Asian Chicken Pastel


INGREDIENTS
2½ tbsps minced garlic
1¼ tbsps chopped ginger
¼ cup cooking oil
1½ cups onions, diced
1 tbsp Datu Puti or Nelicom Fish Sauce
3 tbsps Datu Puti or UFC Soy Sauce
1 pc whole chicken, cut into pieces
6 pcs dried shitake mushrooms
¼ cup hot water
½ cup Jufran or UFC Sweet Chili Sauce
1 pc chicken cube
8 pcs young corn
½ cup fresh green peas
Salt and pepper

PROCEDURE
  1. Saute garlic and ginger in oil. Add sliced onions.
  2. When onions begin to turn translucent, stir in fish sauce and soy sauce. Add chicken pieces. Cook until mean is lightly browned.
  3. Refresh shitake mushrooms in hot water.

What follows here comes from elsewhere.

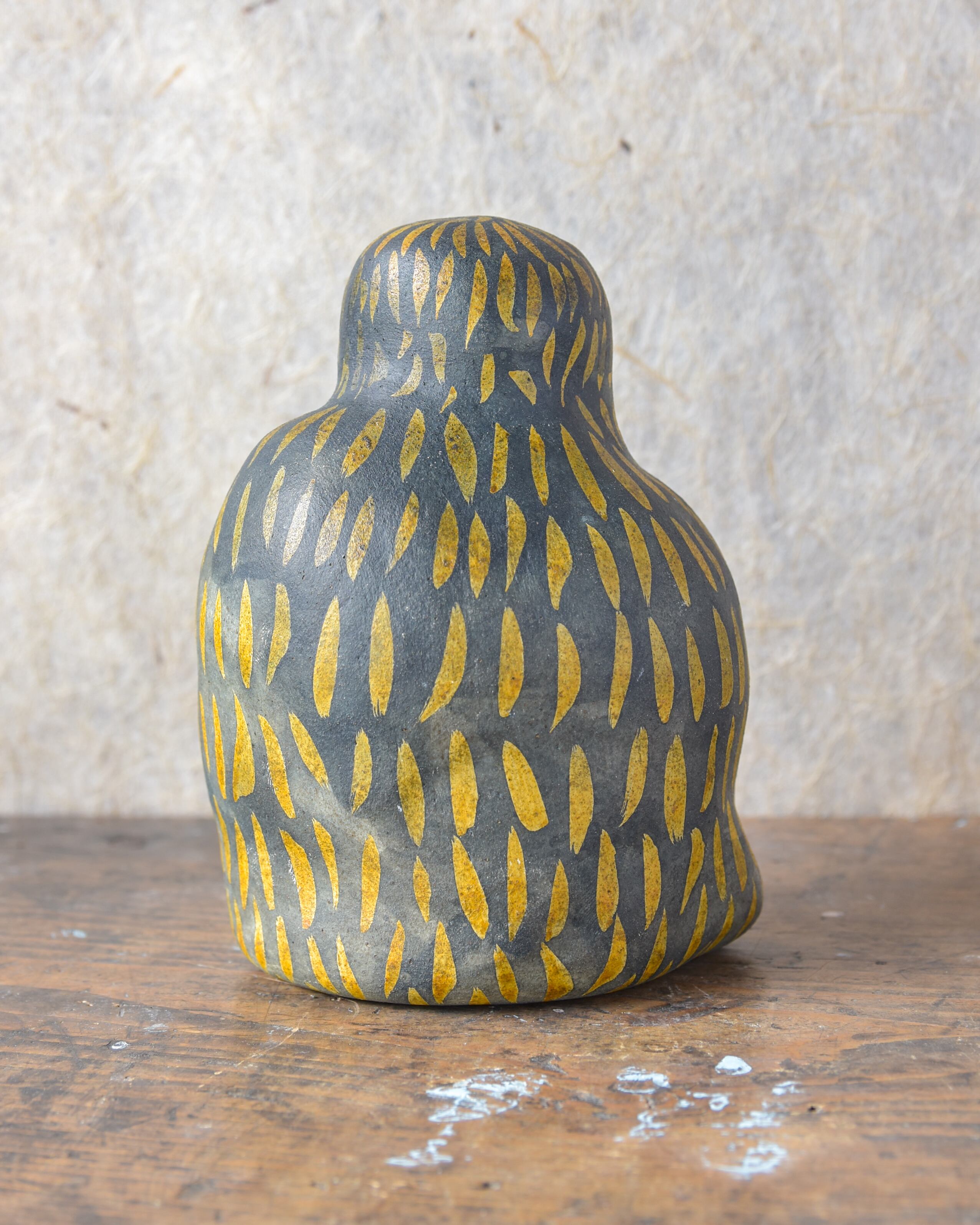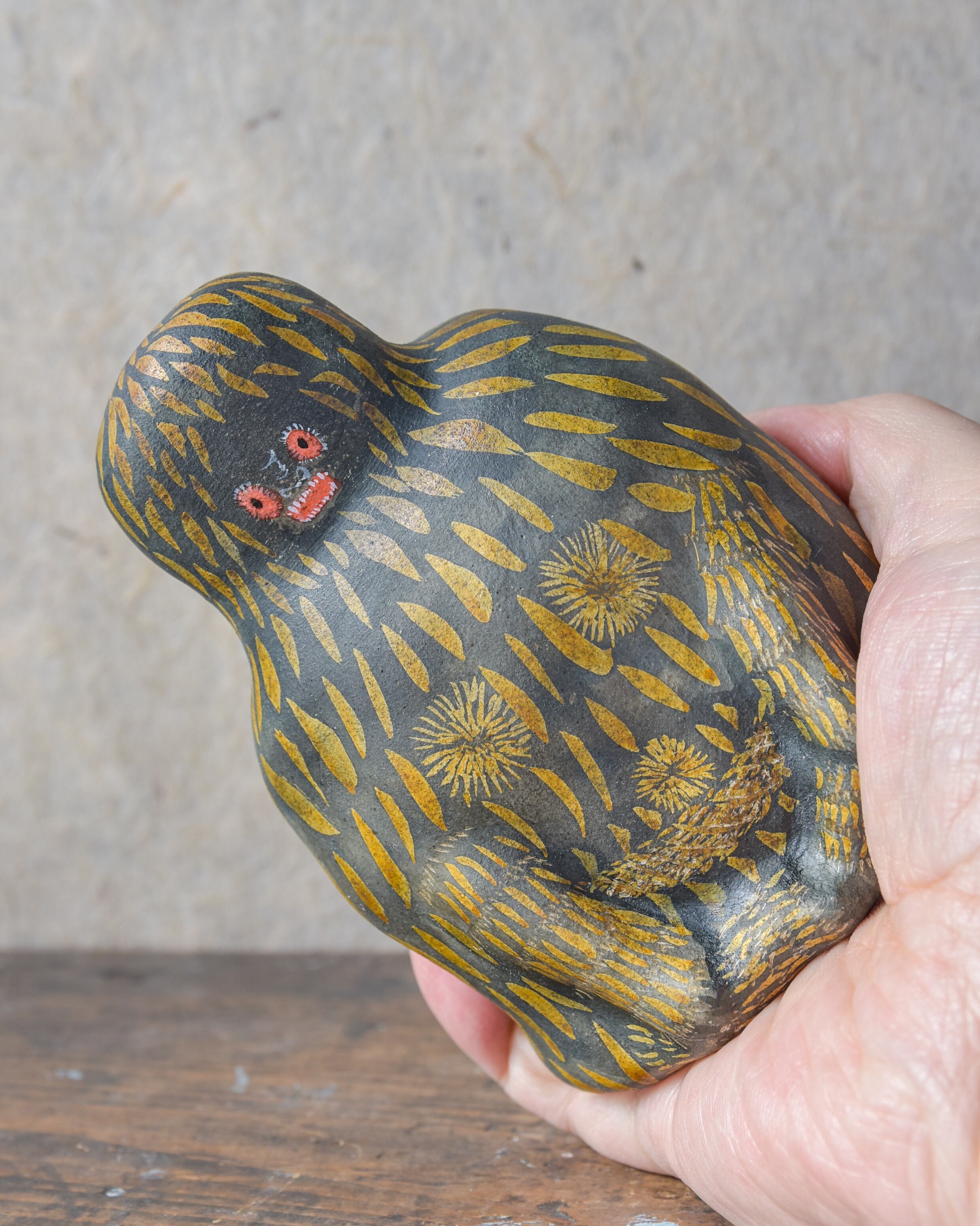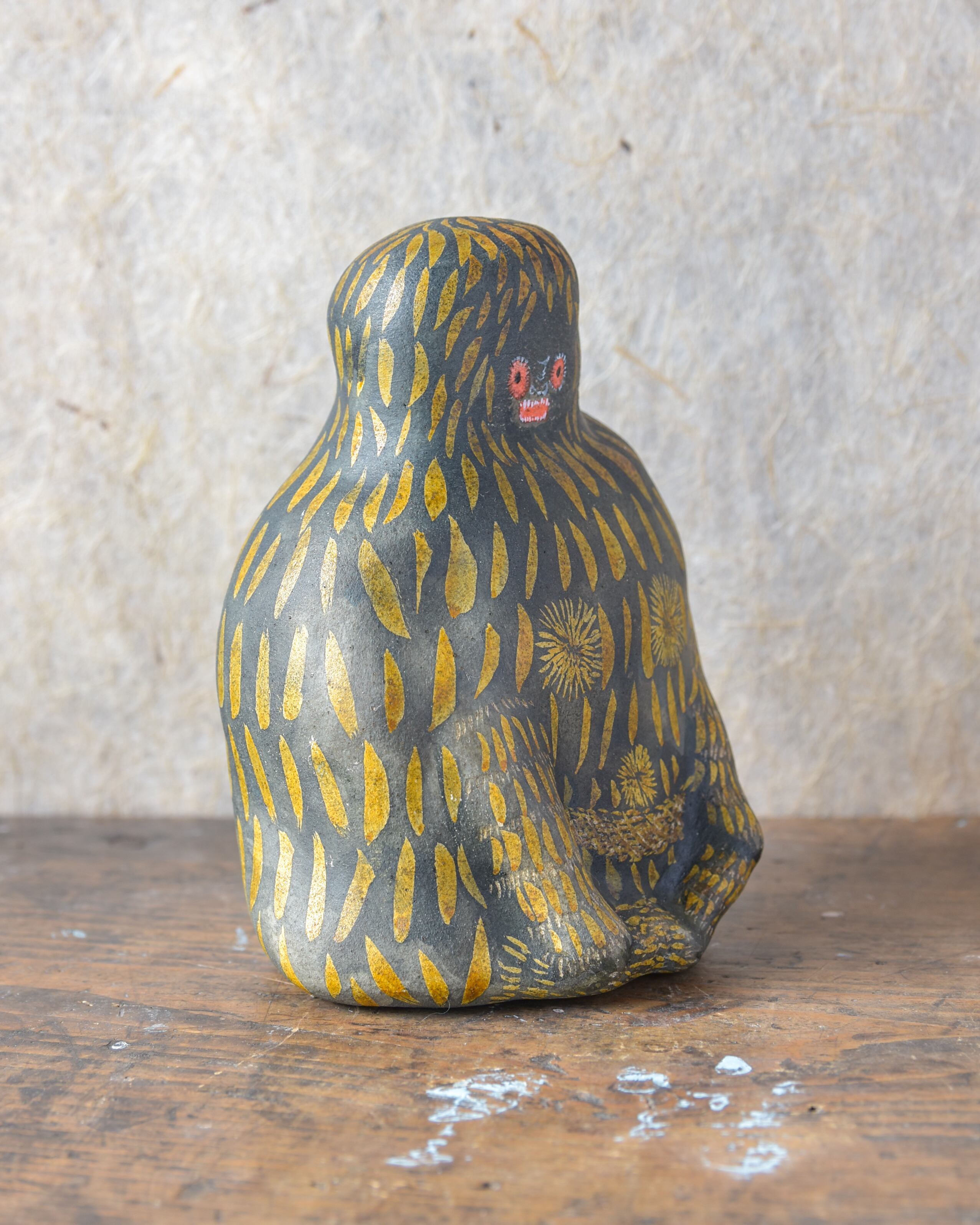 オーブン陶土で造形後、焼成し、絵を描く際と同じ画材を用いて彩色、削りを入れ完成させたオリジナル土人形です。

Remove from water and slice into quarters. Add to the chicken.
  4. Pour in the hot water from the mushrooms. Stir in sweet chili sauce and bring to a boil. Simmer over a medium fire for about 5 minutes.
  5. Crush chicken cube and mix into the dish until dissolved. Add young corn and green peas.
  6. Simmer for another 20 minutes. Season with salt and pepper.